▶ [THE PROBLEM]: A word-for-word copy of the listing, free of images, is the expected answer.

▶ [DATA SHOWN]:
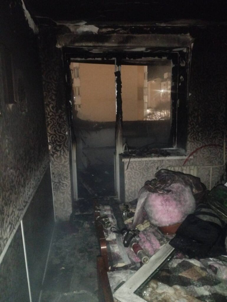 В результате пожара выгорел балкон одной из квартир. Огнем повреждена балконная рама, а также закопчены стены в прилегающей комнате.
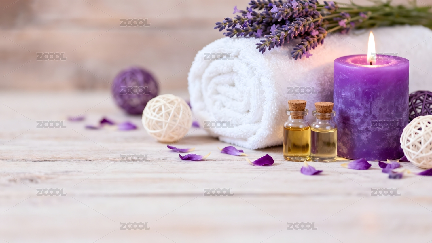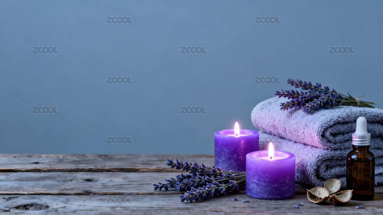 紫色香薰蜡烛搭配毛巾与薰衣草
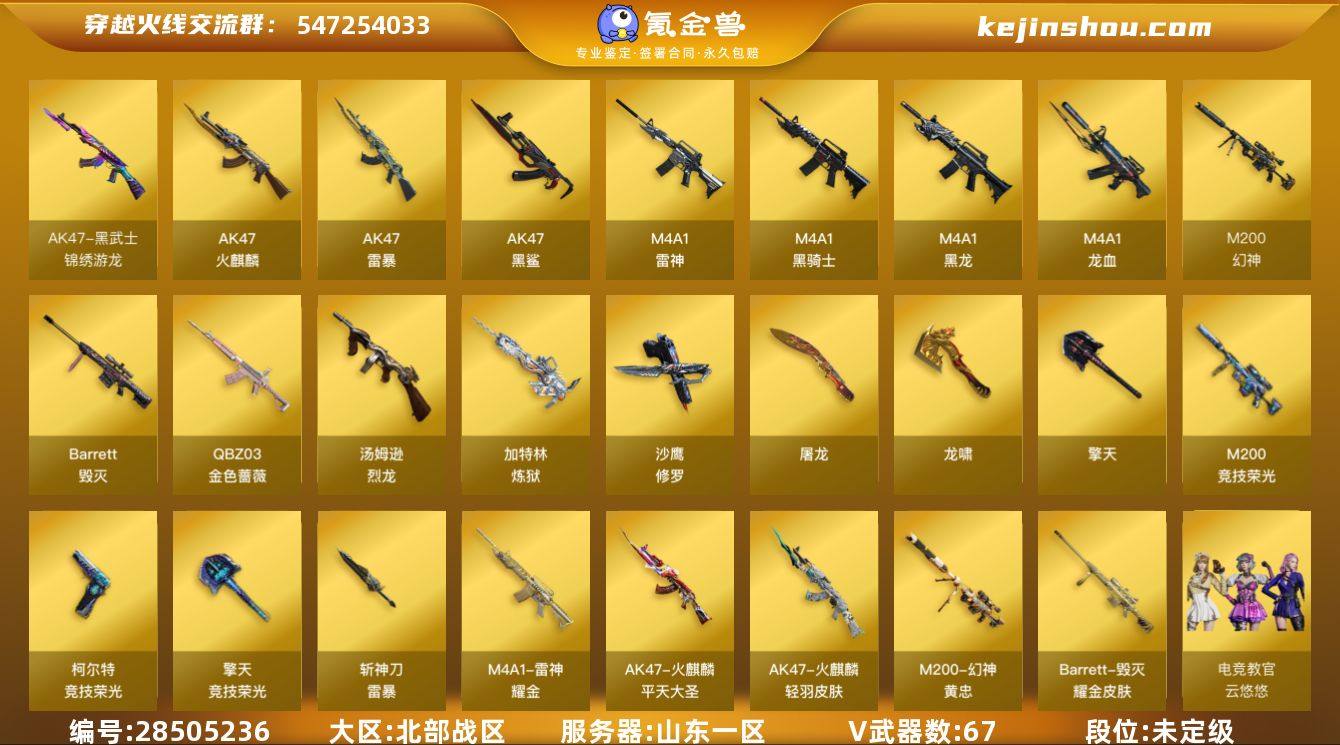 山东一区-71V-1王者-0炫金 【热门武器】:QBZ03-金色蔷薇,M200-幻神,M200-竞技荣光*2,M4A1-黑骑士,汤姆逊-烈龙*6,加特林-炼狱,斯泰尔-蝴蝶,COP-白鲨,USP-雷暴,沙鹰-修罗*4 【音效卡】:擎天-云海游龙音效卡,M4A1-黑骑士音效卡,Barrett-毁灭音效卡 【稀有皮肤】:M200-幻神-黄忠皮肤,雷神-荣耀之魄,雷神-耀金皮肤,火麒麟-轻羽皮肤,火麒麟-平天大圣,毁灭耀金皮肤 【角色】:零-水下丽影,电竞教官-云悠悠,春,蜀雪,迷迭香,铁骑荣耀,职业选手,战地猎狐 【人偶武器】:COP-白鲨,斯泰尔-蝴蝶,AWM-灵狐-15周年嘉年华,迷你深渊冰龙 【暴走生化】:斯泰尔-蝴蝶,超级对讲机 【挑战大师】:激光毁灭者III,冰龙粉碎者-白马银枪 【英雄级武器】:M200-竞技荣光*2,柯尔特-竞技荣光,擎天-竞技荣光,高爆手雷-竞技荣光*2,烟雾弹-竞技荣光,闪光弹-竞技荣光,AK47-雷暴,USP-雷暴,斩神刀-雷暴,QBZ03-金色蔷薇,M4A1-雷神,M4A1-黑龙,M4A1-黑骑士,加特林-炼狱,汤姆逊-烈龙*6,AK47-火麒麟,Barrett-毁灭,M4A1-龙血*3,M200-幻神,AK47-黑鲨,黑武士-锦绣游龙,沙鹰-修罗*4,擎天*2,龙啸*4,屠龙*4 【特殊枪械】:蝴蝶斯泰尔+6烈龙,0白虎,1黑骑士,6烈龙,0盘龙,1炼狱,1蝴蝶斯泰尔

▶ [ANSWER FOR THIS EXERCISE]:
 В результате пожара выгорел балкон одной из квартир. Огнем повреждена балконная рама, а также закопчены стены в прилегающей комнате.
 紫色香薰蜡烛搭配毛巾与薰衣草
 山东一区-71V-1王者-0炫金 【热门武器】:QBZ03-金色蔷薇,M200-幻神,M200-竞技荣光*2,M4A1-黑骑士,汤姆逊-烈龙*6,加特林-炼狱,斯泰尔-蝴蝶,COP-白鲨,USP-雷暴,沙鹰-修罗*4 【音效卡】:擎天-云海游龙音效卡,M4A1-黑骑士音效卡,Barrett-毁灭音效卡 【稀有皮肤】:M200-幻神-黄忠皮肤,雷神-荣耀之魄,雷神-耀金皮肤,火麒麟-轻羽皮肤,火麒麟-平天大圣,毁灭耀金皮肤 【角色】:零-水下丽影,电竞教官-云悠悠,春,蜀雪,迷迭香,铁骑荣耀,职业选手,战地猎狐 【人偶武器】:COP-白鲨,斯泰尔-蝴蝶,AWM-灵狐-15周年嘉年华,迷你深渊冰龙 【暴走生化】:斯泰尔-蝴蝶,超级对讲机 【挑战大师】:激光毁灭者III,冰龙粉碎者-白马银枪 【英雄级武器】:M200-竞技荣光*2,柯尔特-竞技荣光,擎天-竞技荣光,高爆手雷-竞技荣光*2,烟雾弹-竞技荣光,闪光弹-竞技荣光,AK47-雷暴,USP-雷暴,斩神刀-雷暴,QBZ03-金色蔷薇,M4A1-雷神,M4A1-黑龙,M4A1-黑骑士,加特林-炼狱,汤姆逊-烈龙*6,AK47-火麒麟,Barrett-毁灭,M4A1-龙血*3,M200-幻神,AK47-黑鲨,黑武士-锦绣游龙,沙鹰-修罗*4,擎天*2,龙啸*4,屠龙*4 【特殊枪械】:蝴蝶斯泰尔+6烈龙,0白虎,1黑骑士,6烈龙,0盘龙,1炼狱,1蝴蝶斯泰尔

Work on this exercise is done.